For example, for a multi-level knowledge graph of the separation styrene process, we know that < reactor pressure value, influence, separator pressure value > is the correct knowledge, we remove one of the entities of the triplet to make the triplet < reactor pressure value, influence,? By considering the projE model of semantic information, it is predicted whether the missing entity in the triplet is a separator pressure value. One entity of the multiple groups of triples is removed, and if the ProjE model taking semantic information into consideration can accurately predict that the missing entities are the entities in the original triples, the constructed multi-level knowledge graph is higher in quality.

Fig. 1 is a schematic diagram of a multi-level knowledge graph proposed in the present disclosure. The multi-level knowledge graph which is to be constructed in the disclosure is shown in fig. 1, the knowledge graph is divided into different levels, and meanwhile, the levels are associated with each other.

Fig. 2 is a schematic diagram of multi-level knowledge graph data acquisition in the chemical field according to the present disclosure.

The working steps are as follows: the data acquisition procedure is divided into four modules: the system comprises a scheduling module (a link request needing to be crawled next), a crawler module (extracting needed data and a link needing to be crawled next), a downloading module (linking with the Internet and acquiring a webpage response), and a data processing module (processing the crawled data).

The specific workflow of the framework is as follows: when the engine needs to request, the scheduling module receives the request of the crawler module and transmits the request to the downloading module. The downloading module sends a request to the appointed website, receives the response and then transmits the response to the crawler module. The crawler module analyzes the webpage response acquired by the downloading module, extracts required data and a link request to be crawled, transmits the data to the data processing module, and transmits the link request to be crawled to the scheduling module. The data processing module purifies and formats the crawled data to form a usable form.

Fig. 3 is a flow chart for automatically constructing a multi-level knowledge graph in the chemical field according to the disclosure.

Example two

The embodiment provides a multi-level knowledge graph construction system oriented to the chemical industry field;

It should be noted that the above-mentioned obtaining module, extracting module, constructing module and integrating module correspond to steps S101 to S104 in the first embodiment, and the above-mentioned modules are the same as examples and application scenarios implemented by the corresponding steps, but are not limited to the disclosure in the first embodiment. It should be noted that the modules described above may be implemented as part of a system in a computer system, such as a set of computer-executable instructions.

The foregoing embodiments are directed to various embodiments, and details of one embodiment may be found in the related description of another embodiment.

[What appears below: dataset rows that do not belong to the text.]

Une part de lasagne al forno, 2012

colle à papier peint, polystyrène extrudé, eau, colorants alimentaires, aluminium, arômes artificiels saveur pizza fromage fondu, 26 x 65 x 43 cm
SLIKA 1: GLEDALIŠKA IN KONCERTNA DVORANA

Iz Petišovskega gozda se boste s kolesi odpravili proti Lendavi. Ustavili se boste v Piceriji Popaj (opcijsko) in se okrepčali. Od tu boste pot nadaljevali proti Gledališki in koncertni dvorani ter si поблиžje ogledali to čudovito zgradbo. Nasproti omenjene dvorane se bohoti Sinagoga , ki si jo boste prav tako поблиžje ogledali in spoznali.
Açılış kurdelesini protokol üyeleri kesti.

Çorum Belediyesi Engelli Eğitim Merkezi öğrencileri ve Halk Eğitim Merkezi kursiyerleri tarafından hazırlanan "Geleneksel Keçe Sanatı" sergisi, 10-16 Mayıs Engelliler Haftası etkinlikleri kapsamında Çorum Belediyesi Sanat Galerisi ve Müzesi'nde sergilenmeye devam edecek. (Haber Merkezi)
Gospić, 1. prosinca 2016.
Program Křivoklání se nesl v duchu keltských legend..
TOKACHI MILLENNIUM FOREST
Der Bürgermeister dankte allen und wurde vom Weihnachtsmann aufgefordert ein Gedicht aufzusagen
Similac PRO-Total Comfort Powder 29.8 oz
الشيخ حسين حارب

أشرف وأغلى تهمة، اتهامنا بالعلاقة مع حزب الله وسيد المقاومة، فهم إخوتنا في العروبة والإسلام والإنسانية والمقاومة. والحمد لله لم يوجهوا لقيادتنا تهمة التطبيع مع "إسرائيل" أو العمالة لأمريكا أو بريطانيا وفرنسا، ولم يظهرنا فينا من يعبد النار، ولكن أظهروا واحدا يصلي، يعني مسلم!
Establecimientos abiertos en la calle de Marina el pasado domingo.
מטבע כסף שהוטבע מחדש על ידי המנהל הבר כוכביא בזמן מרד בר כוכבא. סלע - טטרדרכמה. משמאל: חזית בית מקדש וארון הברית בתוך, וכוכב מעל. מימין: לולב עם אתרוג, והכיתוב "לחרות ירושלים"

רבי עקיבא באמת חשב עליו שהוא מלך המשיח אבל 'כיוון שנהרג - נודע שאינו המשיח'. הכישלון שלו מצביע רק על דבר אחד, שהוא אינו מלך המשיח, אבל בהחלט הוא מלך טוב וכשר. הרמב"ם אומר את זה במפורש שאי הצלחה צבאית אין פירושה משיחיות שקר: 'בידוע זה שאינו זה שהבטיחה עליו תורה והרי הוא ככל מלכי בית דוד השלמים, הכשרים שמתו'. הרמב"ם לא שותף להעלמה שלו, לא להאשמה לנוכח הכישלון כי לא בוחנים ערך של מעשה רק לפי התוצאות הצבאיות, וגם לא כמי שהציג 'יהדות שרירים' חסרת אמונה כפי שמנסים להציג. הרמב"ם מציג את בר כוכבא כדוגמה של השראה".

The proposed system may be implemented in other ways. For example, the system embodiments described above are merely illustrative, such as the division of the modules described above, are merely a logical function division, and may be implemented in other manners, such as multiple modules may be combined or integrated into another system, or some features may be omitted, or not performed.

Example III

The embodiment also provides an electronic device, including: one or more processors, one or more memories, and one or more computer programs; wherein the processor is coupled to the memory, the one or more computer programs being stored in the memory, the processor executing the one or more computer programs stored in the memory when the electronic device is running, to cause the electronic device to perform the method of the first embodiment.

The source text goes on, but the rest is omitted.